When we originally discussed publishing this article to make these
points, our intention was to commission two or three cartoonists to
create cartoons that mock Judaism and malign sacred figures to Jews the
way Charlie Hebdo did to Muslims. But that idea was thwarted by the fact
that no mainstream western cartoonist would dare put their name on an
anti-Jewish cartoon, even if done for satire purposes, because doing
so would instantly and permanently destroy their career, at least...
To see how true that is, consider the fact that Charlie Hebdo – the
“equal opportunity” offenders and defenders of all types of offensive
speech - fired one
of their writers in 2009 for writing a sentence some said was
anti-Semitic (the writer was then charged with a hate crime offense, and
won a judgment against the magazine for unfair termination). Does that sound like “equal opportunity” offending?
Similar thoughts were echoed at
The Dish (citing other sources):
Put simply, in France, racist and anti-Semitic speech, as well as
historical revisionism regarding the Holocaust, is illegal, as is all
speech that can be considered an incitement to hate.
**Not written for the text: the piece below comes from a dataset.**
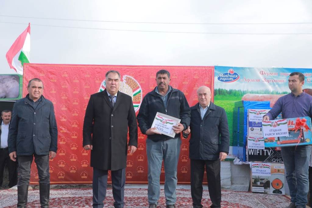 Глава области Раджаббой Ахмадзода вручил памятные подарки лучшим животноводам городов и районов области за достижения в разведении скота.

That is something
that very few Americans understand—or approve of...
The last lawsuit
to be filed against Charlie Hebdo in 2014 was declared ineligible only
because Islam doesn’t qualify for the special legal regime that
criminalizes blasphemy against Christianity and Judaism in the Alsace
region. And the British Muslims in 1989 wanted authorities to invoke
British blaspehemy laws, not the shar’ia, to sanction Salman Rushdie’s
novel – but there too Islam did not qualify for protection...
It wasn’t that long ago that entertainers like the Dixie Chicks were being roundly denounced and taken off the air for having the temerity to question our country’s wars.
The counterargument is that this is comparing apples to oranges:
This is a completely false equivalency, and really gets to the heart of
the cultural gap at play. To secularists like the cartoonists at Charlie Hebdo,
Mohammed is a man like any other, he is no prophet, he is aggrandized
by a religion, and is therefore a legitimate target of satire, just like
the the Pope, or Jesus, or even the Dalai Lama if one is so inclined.
The Holocaust was systematic genocide based on religion/ethnicity.
I'll close the comments here, because there's so much discussion elsewhere (everywhere), but I'd suggest that those who expect to address the Charlie Hebdo event at cocktail parties or around office water-coolers should ponder the above in order to be prepared for the discussions.